Cronaca

Un affresco di Joker al Vomero. E’ il progetto di street art attualmente dibattuto in Commissione alla Municipalità

Joker-murales

La vicenda si aggiunge alle polemiche sui murales dei due baby-rapinatori, quello di Luigi Caiafa, che è stato cancellato, e quello di Ugo Russo, che in questi giorni è al centro di manifesti che si schierano pro e contro la rimozione.

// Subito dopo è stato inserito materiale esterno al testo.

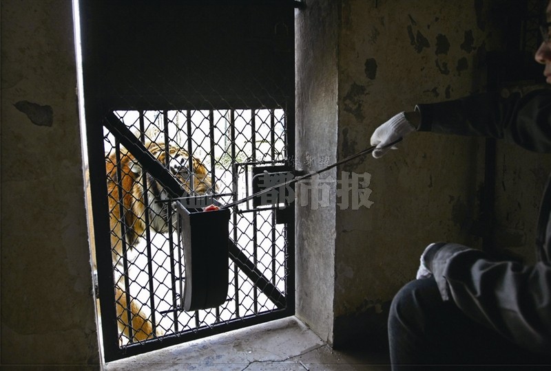 孙思聪是猛兽区年龄最小的一名饲养员,主要负责“照顾”老虎、金钱豹和熊,已经在这里工作了4年。踏进工作区域前,孙思聪反复叮嘱:“这里的老虎和马戏团的老虎可不一样,要注意与它保持距离,喂食的时候要小心自己的手。”
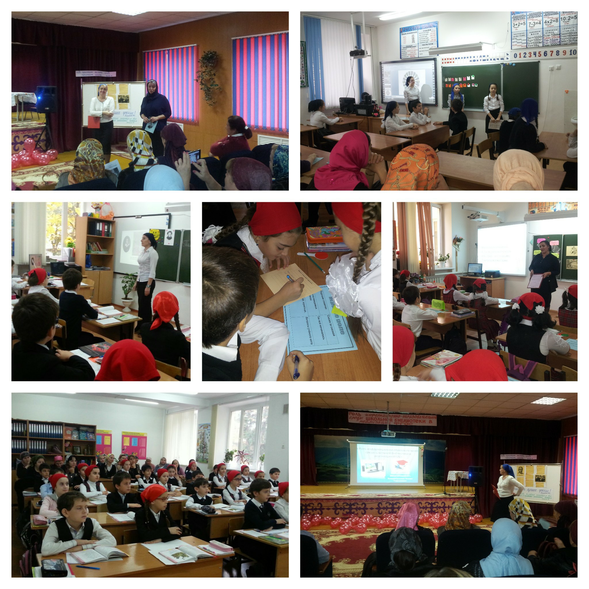 Сегодня в школе прошел городской семинар «Роль информационно-образовательной среды школьной библиотеки в реализации ФГОС». После приветственного слова директора Керимовой Хейды Воважевны, с докладом выступила заведующая библиотекой Камалетдинова Тамара Рафаэловна. Игру «Земля - наш общий дом» провела в 5 классе учитель биологии Эльмурзаева Э.Р., а игру - викторину по произведениям А.С. Пушкина в 3 классе - учитель Цонаева С.С. Урок литературного чтения «Добро и зло в «Сказке о мертвой царевне и семи богатырях» А.С. Пушкина» провела учитель Хамадова Л.А.
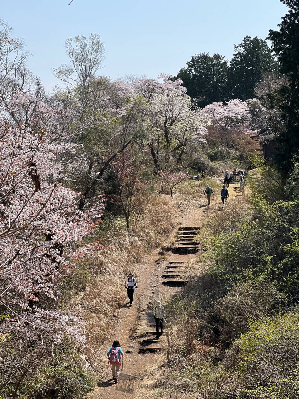 高尾山頂から小仏城山に向かうハイキングコース(一丁平)沿いに咲き、千本桜と言われています。ミツバツツジと一緒に楽しめます。
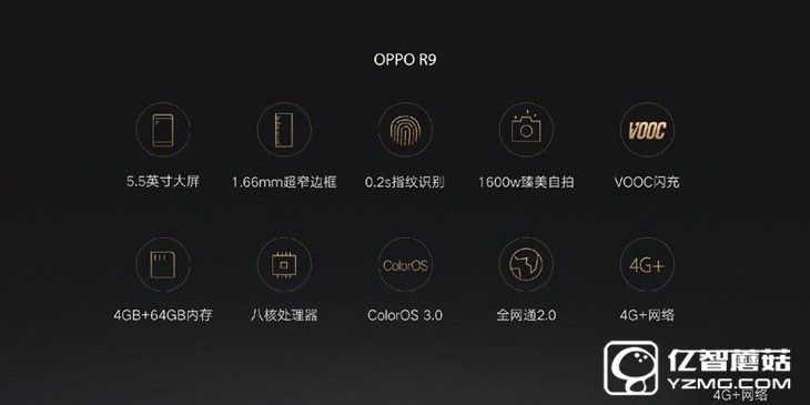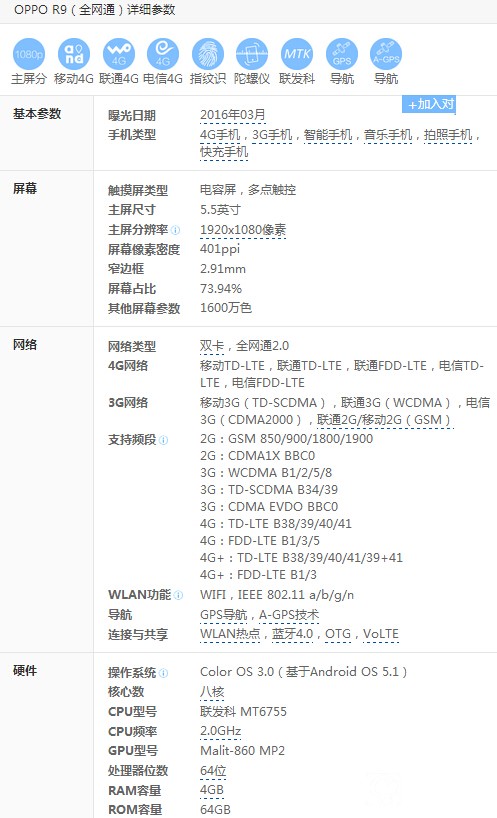 手機(jī)內(nèi)置聯(lián)發(fā)科Helio P10 MT6755 2.0GHz八核64位處理器,搭配4GB RAM,內(nèi)置64GB機(jī)身存儲空間,支持128GB microSD卡擴(kuò)展。作為一款全新的智能手機(jī),OPPO R9全網(wǎng)通 版本支持中國聯(lián)通、中國移動和中國電信的4G/3G/2G網(wǎng)絡(luò)。全新的全網(wǎng)通2.0,允許用戶任意將移動4G卡、聯(lián)通4G卡和電信4G卡搭配使用,任意一張卡都可選4G網(wǎng)絡(luò),另一張為2G網(wǎng)絡(luò)。
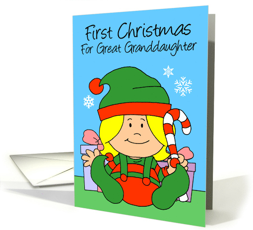 Great Granddaughter's First Christmas featuring a cute, cartoon baby girl Elf. The baby girl is sitting in front of presents and snowflakes are falling from the sky. A cute design for a newborn great grandchild on Christmas.
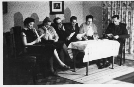 De ungas vänner i Hitis repeterar teaterpjäs. På bild: Ekebom, Stina Enberg, Louis Lundell, Holger Enberg, Edna (efternamn oidentifierat), Sven Örnell. Årtal okänt.
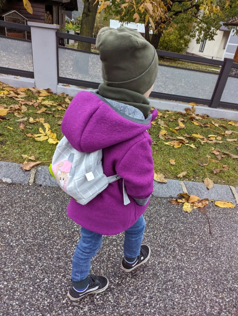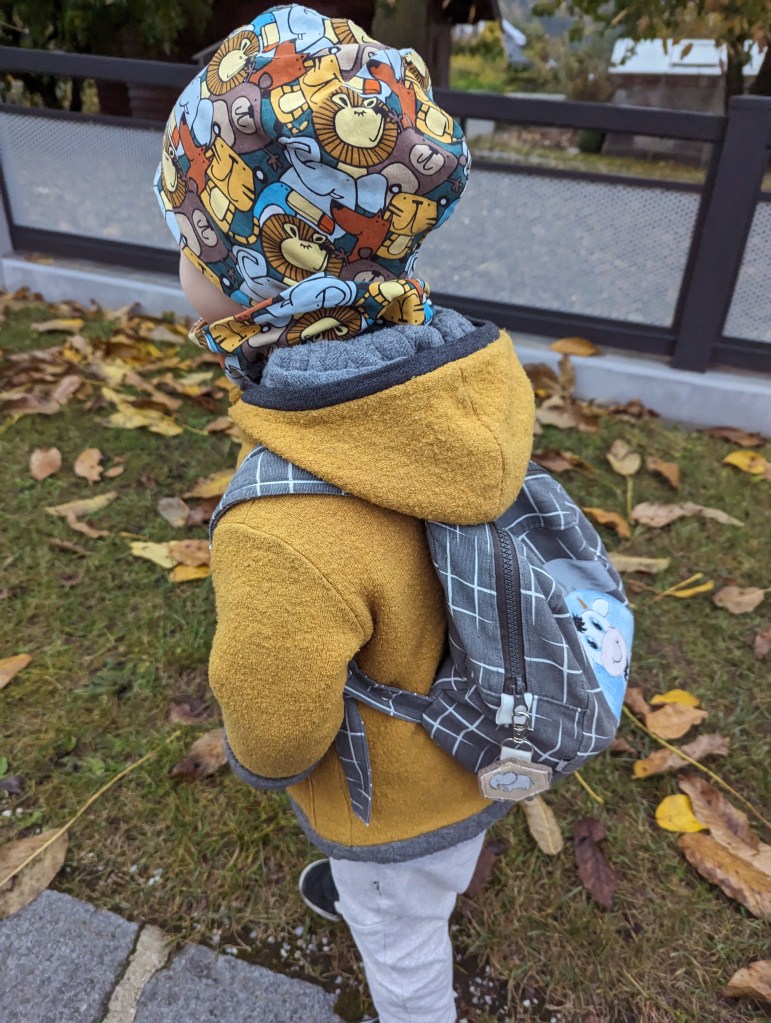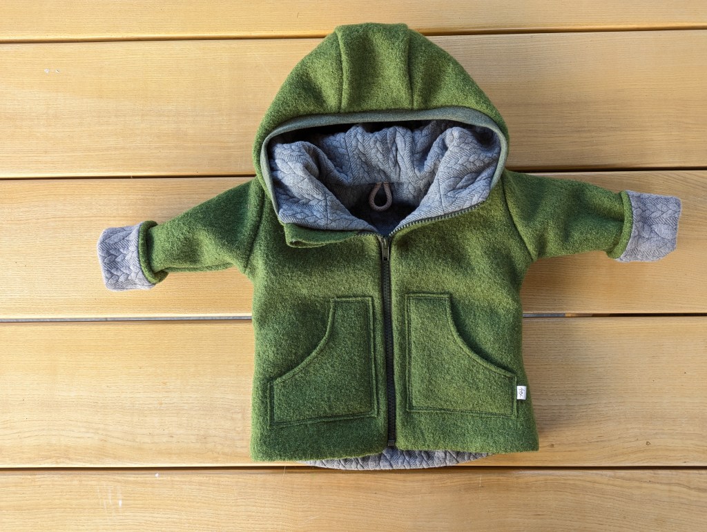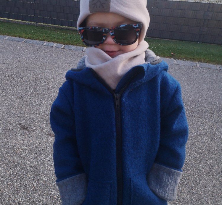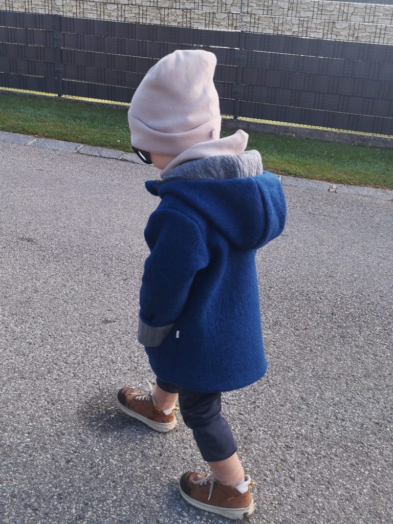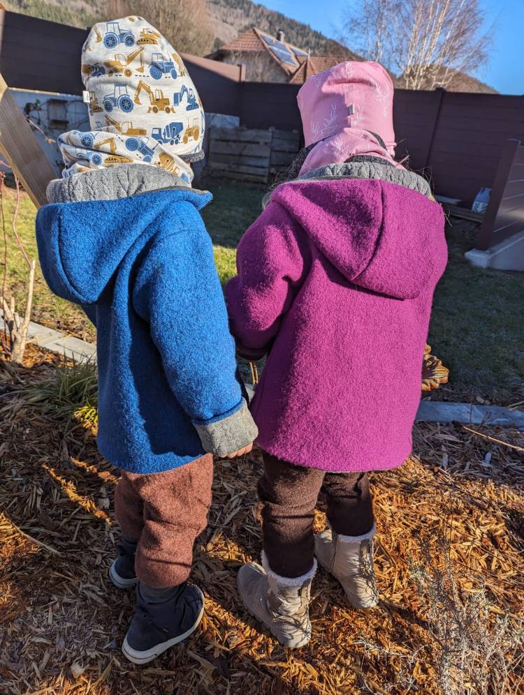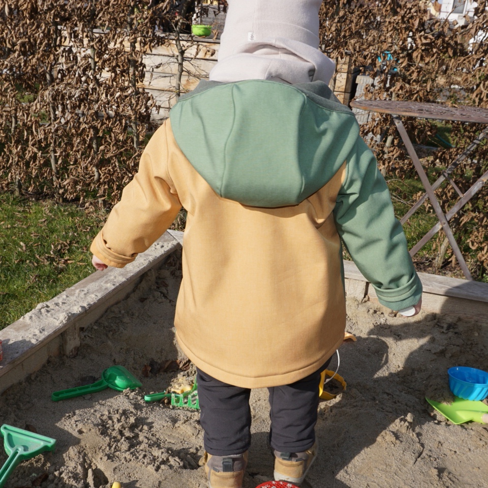 Zwei Nummern größer bestellen, als die derzeitige Größe – die Ärmel werden einfach umgekrempelt und die Jacke passt somit länger.
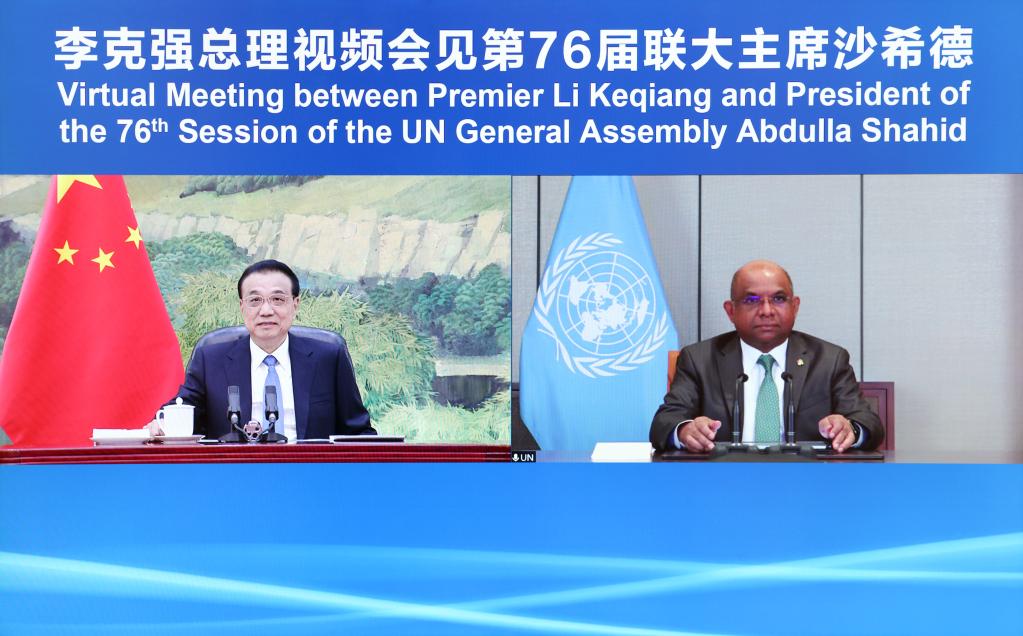 Chinese Premier Li Keqiang meets with Abdulla Shahid, president of the 76th session of the United Nations General Assembly (UNGA), via video link at the Great Hall of the People in Beijing, capital of China, Nov. 26, 2021. (Xinhua/Liu Bin)
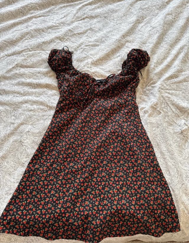 Vestido Bershka negro flores rojas
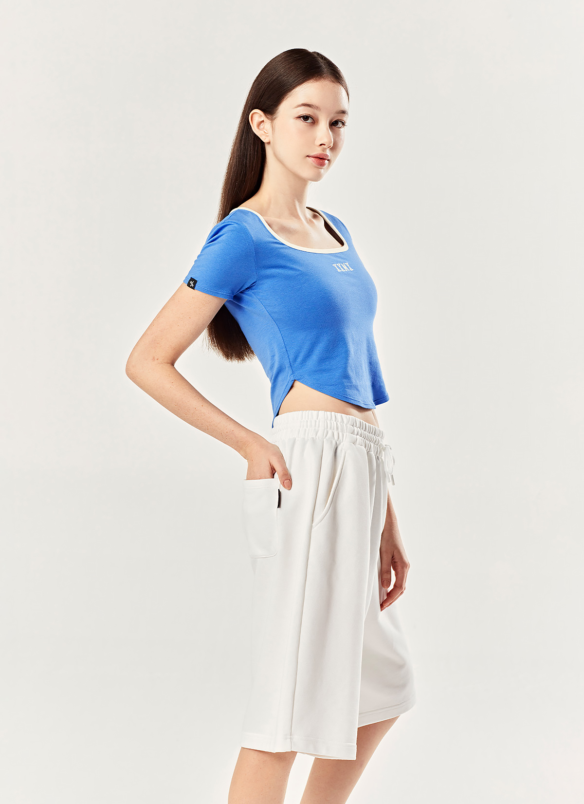 "포켓이 있어 가볍게 외출해요." 양쪽 사이드의 사선 포켓과 우측 힙 부분의 아웃 포켓으로 실용성을 높이고, 캐주얼한 무드를 더했어요.

Joker è l’assassino folle, lo spietato criminale anti-sistema e avversario di Batman che ha ispirato in diverse circostanze il cinema contemporaneo. Il Joker dell’ultimo film del 2019 di Todd Phillips, candidato agli Oscar, interpretato da Joaquin Phoenix e oggetto di dibattiti critici globali, è proprio quello del progetto previsto per le scale del Vomero.

E’ scontro con i residenti: “Non si celebrano così i criminali”

La cosa preoccupa i residenti, che hanno firmato una petizione anti-Joker organizzata da Margherita Siniscalchi, consigliera della V Municipalità e vicepresidente della Commissione Legalità: “In un momento in cui Napoli assiste a un’escalation di violenza simile tra i giovanissimi, dice la consigliera, Joker è un esempio pericoloso. I tempi sono già deliranti, non vedo perché aggiungere altro delirio”.

Il progetto di Joker sulla scalinata era già stato approvato in commissione municipale settimane fa

A proporlo, continua la Siniscalchi, è stato uno street-artist, Ruben D’Agostino, che avrebbe svolto gratis il lavoro nell’ottica di una riqualificazione di Salita Cacciottoli”. Dopo il via libera del parlamentino c’è stata la petizione e sono arrivati i dubbi: “Raccolte 150 firme, il progetto è stato rimandato in Commissione, prosegue Siniscalchi. C’è chi ha cambiato idea tra i consiglieri, e ora è contrario. Intanto siamo in contatto con l’artista: sondiamo la sua disponibilità per un altro soggetto nella stessa area”.

Di fatto, il parlamentino è ancora diviso sulla questione

Abbiamo tenuto una conferenza dei capigruppo, spiega Paolo De Luca, Presidente della Municipalità 5. Ci siamo presi qualche giorno, almeno fino al 4 marzo, per rivalutare il progetto in seguito alla petizione. Le motivazioni proposte dall’artista non intendono inneggiare al killer, ma sensibilizzare i cittadini sulla grave crisi in cui versano i cinema e sulle problematiche psicologiche del personaggio. Deciderà il Consiglio”.